** Opening Records supplied block **

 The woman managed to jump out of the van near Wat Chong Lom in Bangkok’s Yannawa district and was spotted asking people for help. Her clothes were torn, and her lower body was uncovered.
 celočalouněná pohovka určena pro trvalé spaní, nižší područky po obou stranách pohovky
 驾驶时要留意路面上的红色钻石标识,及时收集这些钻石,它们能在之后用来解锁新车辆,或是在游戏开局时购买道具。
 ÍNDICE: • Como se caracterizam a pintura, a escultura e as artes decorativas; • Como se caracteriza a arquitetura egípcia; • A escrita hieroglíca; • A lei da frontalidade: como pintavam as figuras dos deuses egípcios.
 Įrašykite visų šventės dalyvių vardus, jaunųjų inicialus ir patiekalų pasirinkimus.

** Closing Records supplied block **
** Opening Records supplied block **

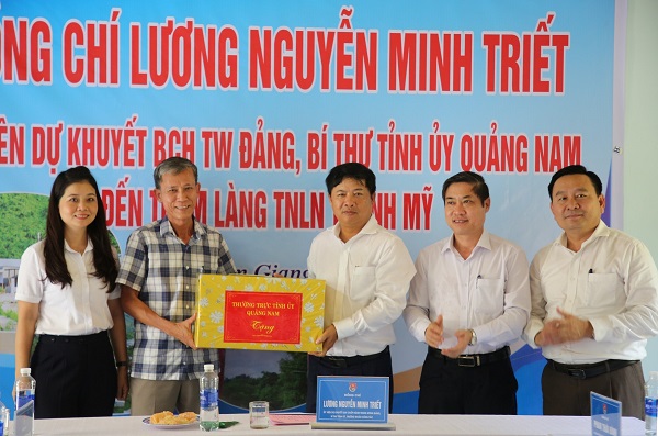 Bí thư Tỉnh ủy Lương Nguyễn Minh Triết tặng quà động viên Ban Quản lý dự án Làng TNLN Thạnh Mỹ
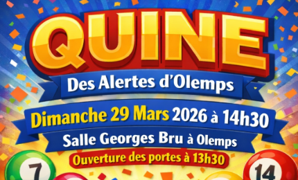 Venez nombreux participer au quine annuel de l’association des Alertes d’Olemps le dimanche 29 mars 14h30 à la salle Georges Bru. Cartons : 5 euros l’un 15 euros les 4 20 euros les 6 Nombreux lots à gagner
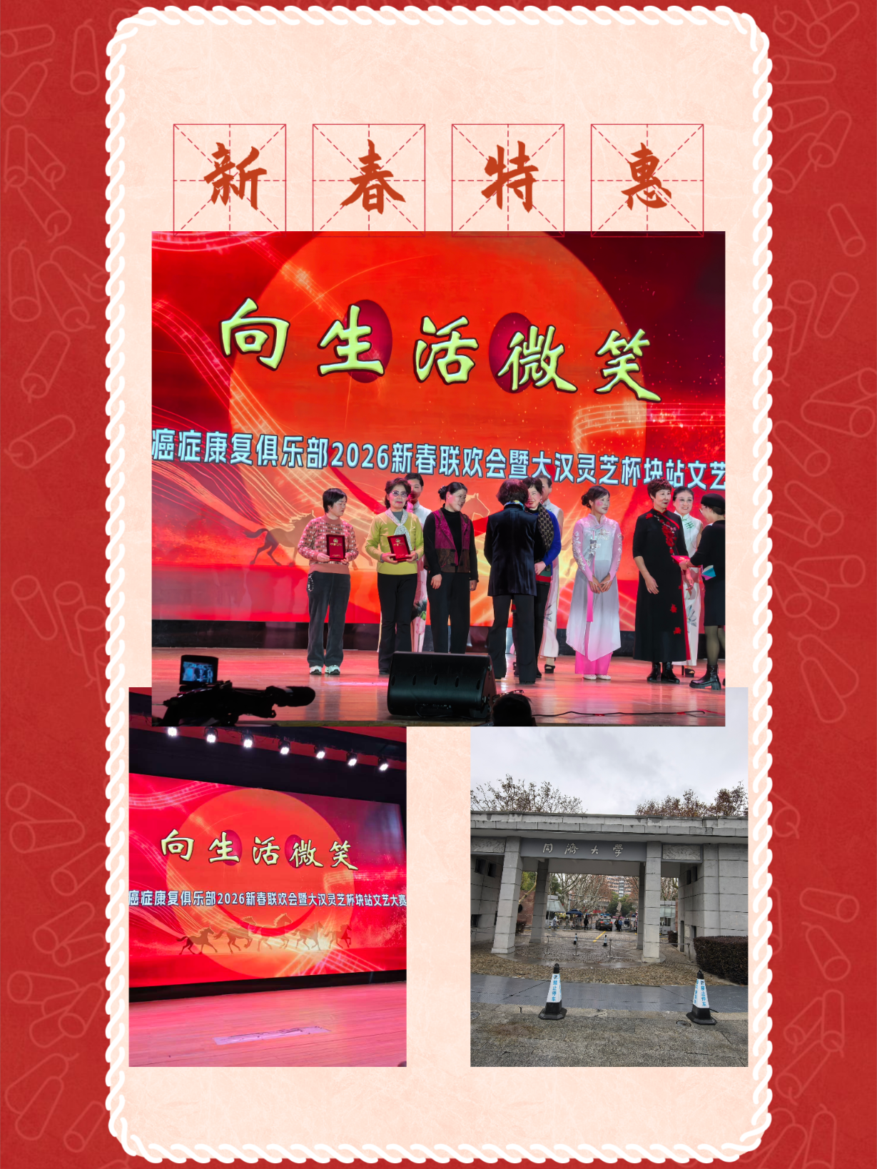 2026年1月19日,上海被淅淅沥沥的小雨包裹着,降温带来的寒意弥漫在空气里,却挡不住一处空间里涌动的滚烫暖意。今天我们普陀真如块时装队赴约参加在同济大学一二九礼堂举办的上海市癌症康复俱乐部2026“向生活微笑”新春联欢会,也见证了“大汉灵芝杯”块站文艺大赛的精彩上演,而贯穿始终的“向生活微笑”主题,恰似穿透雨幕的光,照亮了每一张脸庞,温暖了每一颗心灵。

** Closing Records supplied block **
** Opening Records supplied block **

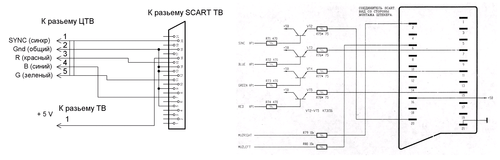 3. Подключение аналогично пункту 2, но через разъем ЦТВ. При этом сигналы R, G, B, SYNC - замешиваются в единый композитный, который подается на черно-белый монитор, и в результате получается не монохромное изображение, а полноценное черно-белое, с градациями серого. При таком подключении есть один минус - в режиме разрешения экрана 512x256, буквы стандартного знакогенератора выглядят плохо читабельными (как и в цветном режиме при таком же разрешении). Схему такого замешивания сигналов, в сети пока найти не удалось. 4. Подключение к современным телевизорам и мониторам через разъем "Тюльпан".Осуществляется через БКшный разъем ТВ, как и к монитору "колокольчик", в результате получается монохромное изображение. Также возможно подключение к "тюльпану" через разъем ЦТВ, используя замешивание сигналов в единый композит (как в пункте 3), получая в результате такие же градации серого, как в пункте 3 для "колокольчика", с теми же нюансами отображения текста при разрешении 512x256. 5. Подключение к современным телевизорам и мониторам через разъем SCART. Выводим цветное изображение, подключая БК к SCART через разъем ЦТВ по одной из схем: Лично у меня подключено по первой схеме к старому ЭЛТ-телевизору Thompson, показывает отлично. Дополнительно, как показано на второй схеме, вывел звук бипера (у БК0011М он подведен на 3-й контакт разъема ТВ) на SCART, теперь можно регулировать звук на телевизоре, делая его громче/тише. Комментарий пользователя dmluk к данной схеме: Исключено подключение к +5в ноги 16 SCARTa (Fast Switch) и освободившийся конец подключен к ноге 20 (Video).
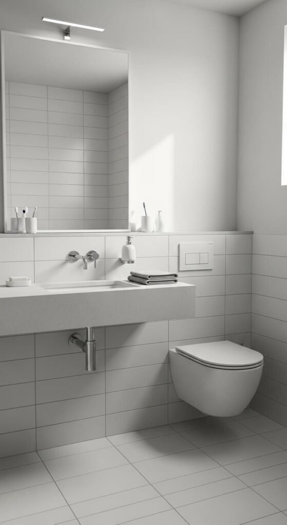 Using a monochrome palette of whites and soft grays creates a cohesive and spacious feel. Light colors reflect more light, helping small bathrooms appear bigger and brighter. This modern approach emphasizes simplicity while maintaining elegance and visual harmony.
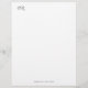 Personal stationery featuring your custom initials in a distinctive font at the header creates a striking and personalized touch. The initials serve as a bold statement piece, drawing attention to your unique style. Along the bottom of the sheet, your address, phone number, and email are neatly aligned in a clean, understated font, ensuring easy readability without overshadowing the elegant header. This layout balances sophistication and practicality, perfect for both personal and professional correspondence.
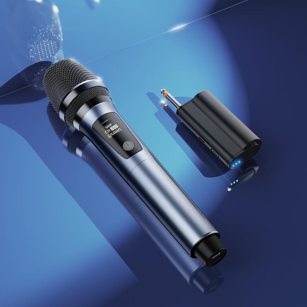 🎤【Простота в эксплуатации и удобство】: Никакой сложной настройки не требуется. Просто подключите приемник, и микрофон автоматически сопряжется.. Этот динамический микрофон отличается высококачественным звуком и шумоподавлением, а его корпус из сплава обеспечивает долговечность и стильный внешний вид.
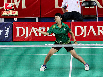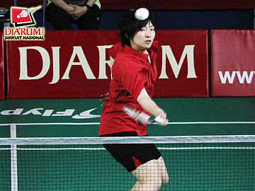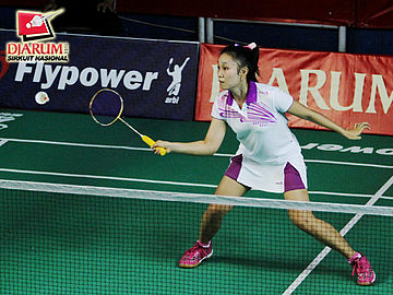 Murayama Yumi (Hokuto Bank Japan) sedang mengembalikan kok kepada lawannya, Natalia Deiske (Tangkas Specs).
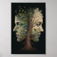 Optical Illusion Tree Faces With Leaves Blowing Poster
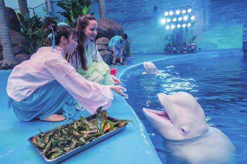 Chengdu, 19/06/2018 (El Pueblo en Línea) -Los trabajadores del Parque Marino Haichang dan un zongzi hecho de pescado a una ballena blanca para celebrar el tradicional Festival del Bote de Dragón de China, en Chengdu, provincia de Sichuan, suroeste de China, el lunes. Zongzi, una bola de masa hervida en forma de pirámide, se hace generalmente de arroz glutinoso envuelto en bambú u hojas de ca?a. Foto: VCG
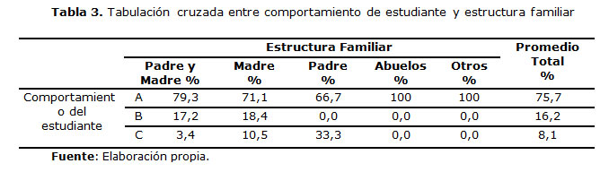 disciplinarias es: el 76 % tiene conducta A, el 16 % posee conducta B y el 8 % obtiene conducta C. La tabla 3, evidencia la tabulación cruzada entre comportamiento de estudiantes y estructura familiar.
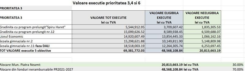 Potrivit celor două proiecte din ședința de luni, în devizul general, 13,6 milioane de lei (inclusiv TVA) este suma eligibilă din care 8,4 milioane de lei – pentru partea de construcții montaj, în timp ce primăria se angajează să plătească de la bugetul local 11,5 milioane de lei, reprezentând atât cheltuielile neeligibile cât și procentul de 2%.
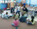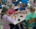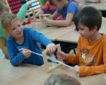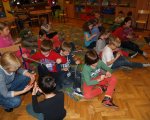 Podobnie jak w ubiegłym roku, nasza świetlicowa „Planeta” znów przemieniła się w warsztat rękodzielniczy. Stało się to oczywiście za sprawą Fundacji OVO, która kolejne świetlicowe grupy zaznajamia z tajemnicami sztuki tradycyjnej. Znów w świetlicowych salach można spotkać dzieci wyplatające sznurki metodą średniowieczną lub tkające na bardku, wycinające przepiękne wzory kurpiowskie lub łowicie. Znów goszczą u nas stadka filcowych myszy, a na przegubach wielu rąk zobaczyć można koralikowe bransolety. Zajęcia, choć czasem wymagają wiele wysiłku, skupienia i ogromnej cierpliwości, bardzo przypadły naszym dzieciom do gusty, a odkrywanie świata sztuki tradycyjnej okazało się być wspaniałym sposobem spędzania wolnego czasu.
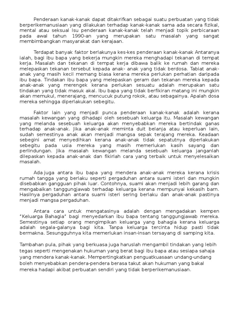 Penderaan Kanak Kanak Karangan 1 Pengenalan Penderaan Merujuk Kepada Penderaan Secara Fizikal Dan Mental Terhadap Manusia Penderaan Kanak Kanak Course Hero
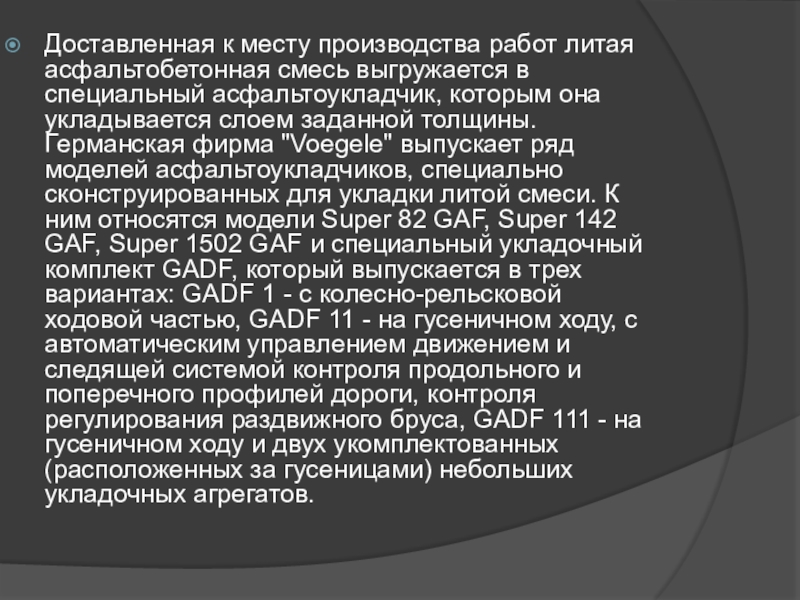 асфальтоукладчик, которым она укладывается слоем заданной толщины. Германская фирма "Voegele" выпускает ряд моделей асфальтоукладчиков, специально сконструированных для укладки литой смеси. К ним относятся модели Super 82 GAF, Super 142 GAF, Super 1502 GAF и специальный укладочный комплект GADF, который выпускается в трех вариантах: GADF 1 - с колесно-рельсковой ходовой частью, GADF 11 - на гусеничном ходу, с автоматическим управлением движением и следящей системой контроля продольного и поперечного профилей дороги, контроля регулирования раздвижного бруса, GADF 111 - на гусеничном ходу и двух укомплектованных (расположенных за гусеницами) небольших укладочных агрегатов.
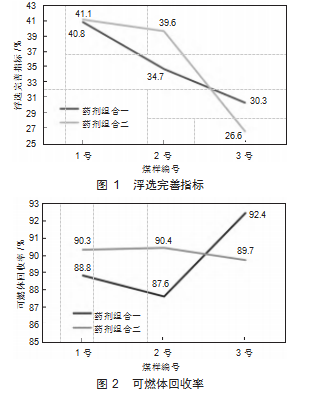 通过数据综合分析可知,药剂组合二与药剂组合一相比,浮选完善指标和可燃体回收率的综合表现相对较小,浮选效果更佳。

** Closing Records supplied block **

### [Aim of the exercise]
Within the listing above, the range opens at the line with "驾驶时要留意路面上的红色钻石" and closes at the line with "ÍNDICE: • Como". Reproduce exactly the lines of that range, including both ends.

### [Response area]
 驾驶时要留意路面上的红色钻石标识,及时收集这些钻石,它们能在之后用来解锁新车辆,或是在游戏开局时购买道具。
 ÍNDICE: • Como se caracterizam a pintura, a escultura e as artes decorativas; • Como se caracteriza a arquitetura egípcia; • A escrita hieroglíca; • A lei da frontalidade: como pintavam as figuras dos deuses egípcios.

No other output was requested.